Optimizing borrowing base efficiency

Efficiency metric: Borrowing Base / Total Pool Face Value. In the example above: $46.6M / $68.5M = 68%. A well-optimized portfolio should achieve 75-82% efficiency depending on asset class.

Manage ineligibles proactively

Ineligible assets are dead weight — in your pool, counting against your reporting, but contributing nothing to the borrowing base.

  • Remove chronically delinquent loans promptly. Once a loan is ineligible, substitute it out and replace it with an eligible loan.
  • Build eligibility screening into your loan origination system (LOS) to prevent originating borderline-ineligible assets into the pool.

Monitor concentration limits before they’re breached

Build a real-time concentration dashboard with a color-coded warning system:

  • Green: more than 5% below limit
  • Yellow: within 5% of limit
  • Red: at or above limit

When a concentration is at 80% of the limit, actively manage your origination mix to avoid a breach, not respond to a deficiency notice.

Maintain seasoning buffers

If your eligibility criteria include a minimum seasoning period, maintain a pipeline of loans that will become eligible in the next 30-60 days. This lets you draw immediately when you need capital without waiting for new origination to season.

Use tiered advance rates to your advantage

Model which originations give you the highest marginal borrowing base increase. Originating a $20K prime loan at 80% advance gives you $16K of borrowing base. Originating a $20K sub-prime loan at 60% advance gives you $12K. If your pipeline is flexible, direct volume toward higher-advance-rate product when you need to maximize borrowing base.


Disputes and valuation disagreements

Borrowing base disputes arise most commonly around:

  1. Whether a specific asset meets eligibility criteria (often judgment calls: does a credit event qualify for exclusion?)
  2. The value of collateral for assets where the advance rate is applied to a current market value (CRE and equipment)
  3. Concentration calculations when the pool composition is in flux

Resolution process:

  • Deal documents typically specify a dispute notice period (2-5 business days to flag a dispute) and a cure/resolution period
  • For consumer receivables, disputes are usually factual (does this loan meet the FICO minimum?) and resolve quickly
  • For CRE and equipment, valuation disputes are more complex; documents typically provide for an independent appraiser or agreed-upon valuation agent

Important: Most facilities provide that the more conservative calculation applies during a pending dispute. A disputed borrowing base deficiency is treated as a deficiency until resolved. Maintain liquidity reserves to cover this possibility.


Common pitfalls

Not building a BBC model before closing. Many originators sign the credit agreement and then discover they don’t have a system to calculate the borrowing base. Build the BBC calculation into a spreadsheet or your origination platform during documentation — don’t figure it out on your first certification date.

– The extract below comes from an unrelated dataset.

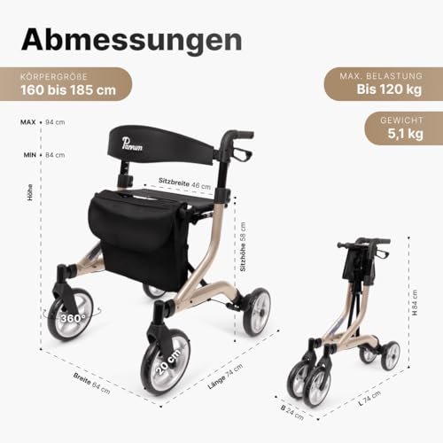 Dank der faltbaren Konstruktion kann der Rollator schnell zusammengelegt und platzsparend verstaut werden. Damit ist er besonders praktisch für Reisen oder den Transport im Auto.

Assuming eligibility criteria are static. If your business evolves (new product, new geographies, different borrower profiles), your pool composition may shift against your eligibility criteria. Review eligibility criteria annually against your origination pipeline and request amendments before you have a deficiency, not after.

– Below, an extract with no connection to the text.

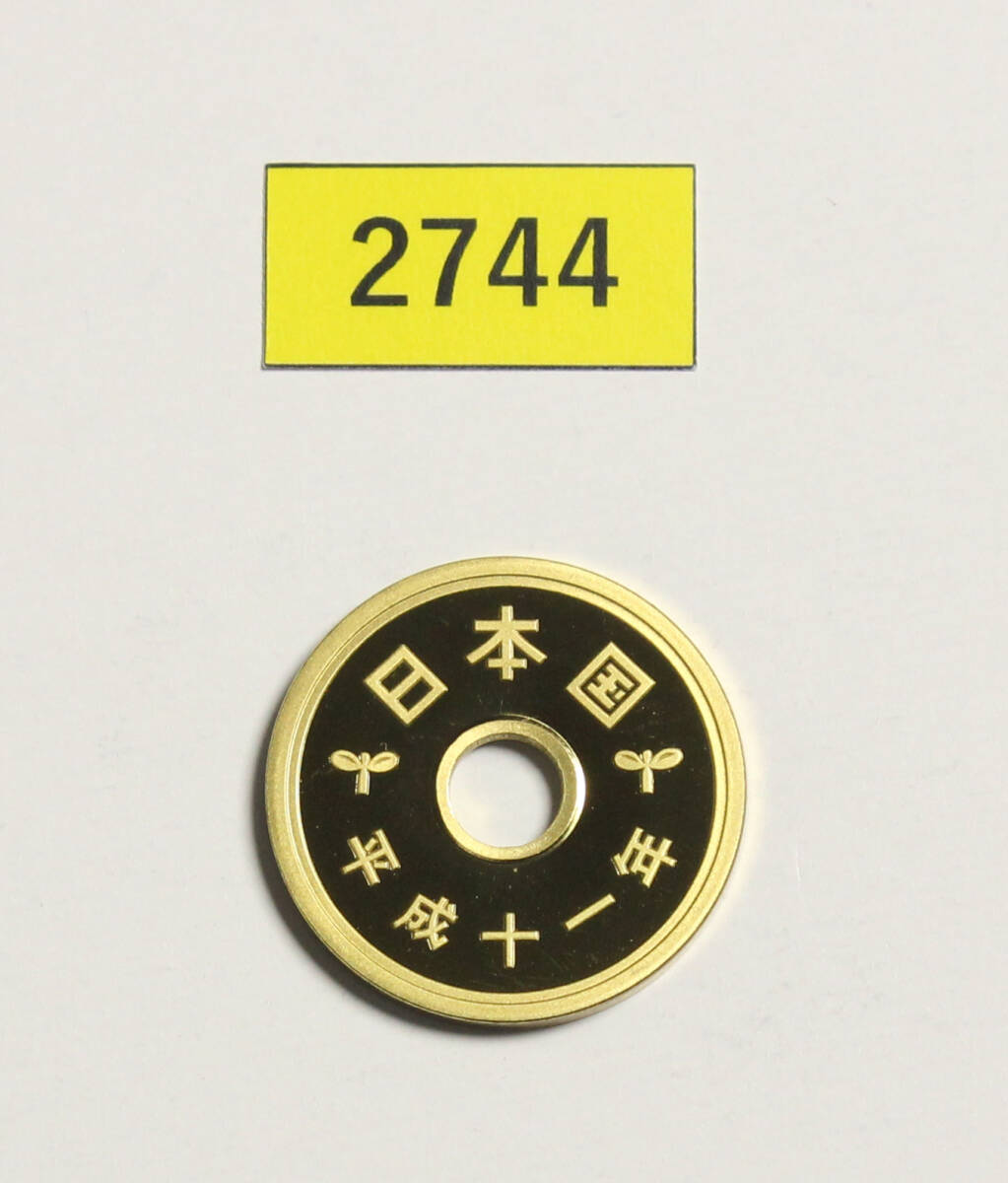 完全未使用!極上美品!5円硬貨/プルーフ貨幣/平成11年/1999年/稲・歯車・水/黄銅/3.75g/直径22.0mm/ギザ無/コインケース収納/№2744

Geographic concentration creep. You originate in California because that’s your market. Over 12 months, CA creeps from 22% to 28%. You’ve been in breach for 3 months but didn’t notice because no one was monitoring concentration in real time. Concentration limits require active management, not annual review.

Conflating pool balance with borrowing base. Your pool balance is $70M; your borrowing base is $55M. When you tell your CFO the facility is “fully drawn,” make sure they understand which number they’re looking at.